In my case, in the early stages the loose rib may have been undetectable because it was briefly bouncing out and then back to it’s normal position, but many years later, despite the permanent displacement, it t was not considered to be a cause, and was therefore not mentioned in the CAT scan reports etc.

The health care cost savings to international governments

The lower left sided chest pains affect 5% of the population or 300 million patients internationally, and in a five year period each of those patients would probably consult a doctor or specialists more than 20 times, and be prescribed a dozen or more medications, and have up to 20 diagnostic procedures including blood tests,  X-rays and CAT scans, and some would have had more elaborate treatments for an estimated combined cost of $5000 each.

$5000 X 300 million = 1500,000 million, or 1.5 trillion dollars.

However, my method of diagnosing the cause only requires one doctor to examine the patient for 5-10 minutes at a total cost of $35 which means that I have reduced the international health care costs by more than 1 trillion dollars.

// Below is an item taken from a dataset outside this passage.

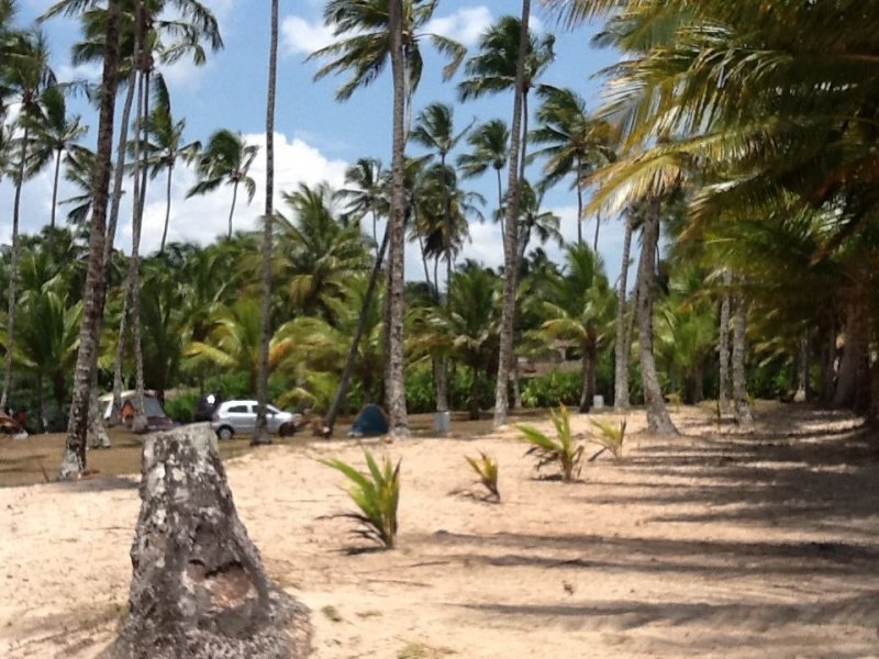 O camping tem uma estrutura rústica, apenas o básico - energia, banheiros e cantina, onde serve inclusive refeições - mas a área é totalmente gramada e repleta de enormes coqueiros que, aliados ao belo mar em frente, formam um cenário lindo e de plena integração com a natureza. km 4,6 – Vera Cruz (Entrar no km 21 da BA 001

If I was paid a royalty of only $5 each time my method was used, or only a small fraction of how much I have saved governments  I would be a billionaire.

Time will determine that outcome.  Max Banfield

The health care cost calculations are easy to confirm

It should be a relatively easy task for investigative journalists, mathematicians, doctors, peer review researchers, health care officials, and politicians to calculate and confirm the cost savings due to my discovery and method of diagnosis.